(Exercise brief) Here the job is to print only the lines from the one containing "Al termine il" to the end of the entries, both included, exactly as they stand, with pictures excluded.
============================================================
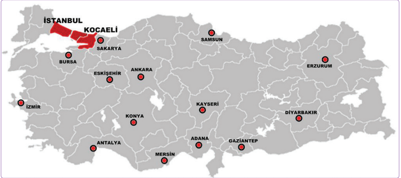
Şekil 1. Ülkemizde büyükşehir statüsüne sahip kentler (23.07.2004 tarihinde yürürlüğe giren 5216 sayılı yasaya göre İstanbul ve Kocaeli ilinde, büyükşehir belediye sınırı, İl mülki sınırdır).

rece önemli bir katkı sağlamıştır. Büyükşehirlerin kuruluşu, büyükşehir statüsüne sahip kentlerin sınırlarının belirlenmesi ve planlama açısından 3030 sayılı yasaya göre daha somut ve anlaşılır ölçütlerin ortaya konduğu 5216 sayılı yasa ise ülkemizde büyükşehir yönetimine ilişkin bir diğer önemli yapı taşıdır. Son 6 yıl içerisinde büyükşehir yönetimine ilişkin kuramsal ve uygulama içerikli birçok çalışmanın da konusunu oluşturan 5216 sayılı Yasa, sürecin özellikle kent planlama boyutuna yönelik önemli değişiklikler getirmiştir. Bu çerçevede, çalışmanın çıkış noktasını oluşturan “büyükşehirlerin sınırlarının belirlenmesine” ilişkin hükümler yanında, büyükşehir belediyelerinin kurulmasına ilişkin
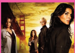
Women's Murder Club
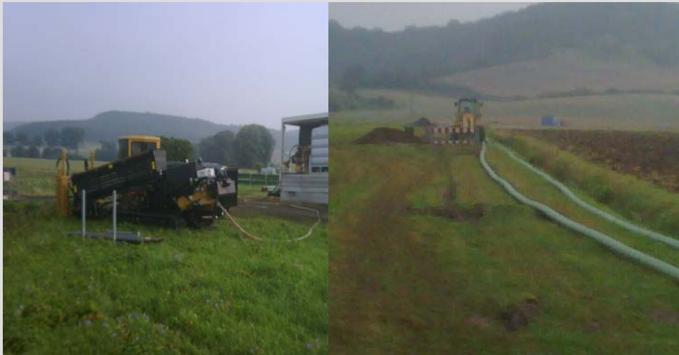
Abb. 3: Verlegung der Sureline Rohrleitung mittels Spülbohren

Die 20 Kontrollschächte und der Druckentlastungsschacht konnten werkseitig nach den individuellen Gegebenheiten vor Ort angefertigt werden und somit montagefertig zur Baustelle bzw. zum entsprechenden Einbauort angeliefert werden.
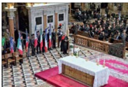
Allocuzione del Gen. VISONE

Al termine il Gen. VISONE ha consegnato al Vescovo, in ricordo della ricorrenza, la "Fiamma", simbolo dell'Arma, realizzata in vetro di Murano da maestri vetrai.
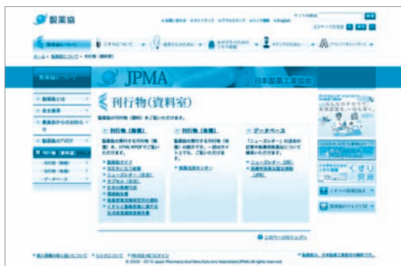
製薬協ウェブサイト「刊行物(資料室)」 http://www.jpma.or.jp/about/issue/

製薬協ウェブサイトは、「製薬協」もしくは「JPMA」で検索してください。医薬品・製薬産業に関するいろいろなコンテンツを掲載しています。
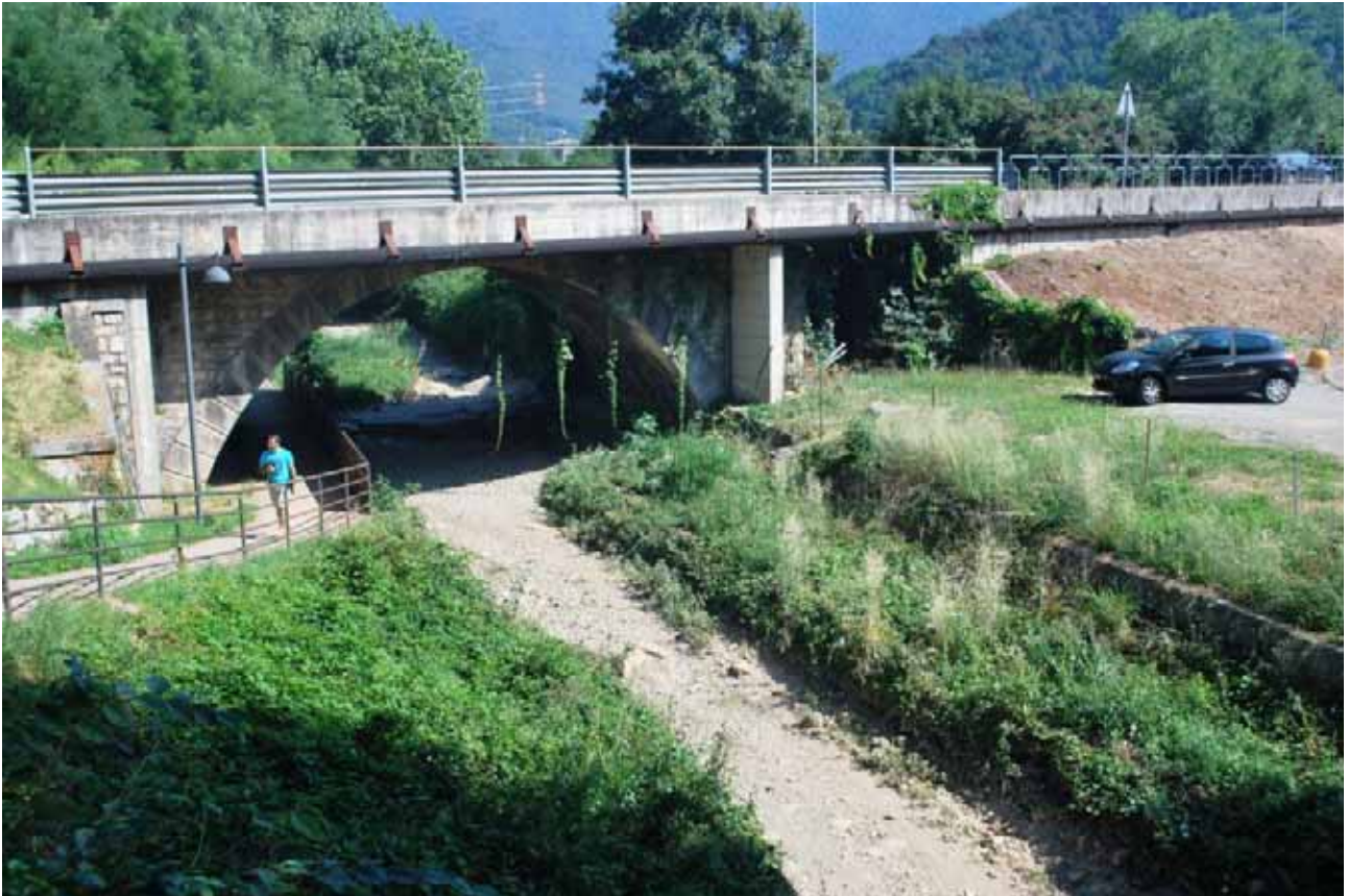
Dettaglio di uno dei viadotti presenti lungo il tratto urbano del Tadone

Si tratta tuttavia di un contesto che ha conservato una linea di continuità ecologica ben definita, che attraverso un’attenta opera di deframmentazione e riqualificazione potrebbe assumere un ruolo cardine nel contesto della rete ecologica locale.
============================================================
(Written response)
Al termine il Gen. VISONE ha consegnato al Vescovo, in ricordo della ricorrenza, la "Fiamma", simbolo dell'Arma, realizzata in vetro di Murano da maestri vetrai.
製薬協ウェブサイト「刊行物(資料室)」 http://www.jpma.or.jp/about/issue/

製薬協ウェブサイトは、「製薬協」もしくは「JPMA」で検索してください。医薬品・製薬産業に関するいろいろなコンテンツを掲載しています。
Dettaglio di uno dei viadotti presenti lungo il tratto urbano del Tadone

Si tratta tuttavia di un contesto che ha conservato una linea di continuità ecologica ben definita, che attraverso un’attenta opera di deframmentazione e riqualificazione potrebbe assumere un ruolo cardine nel contesto della rete ecologica locale.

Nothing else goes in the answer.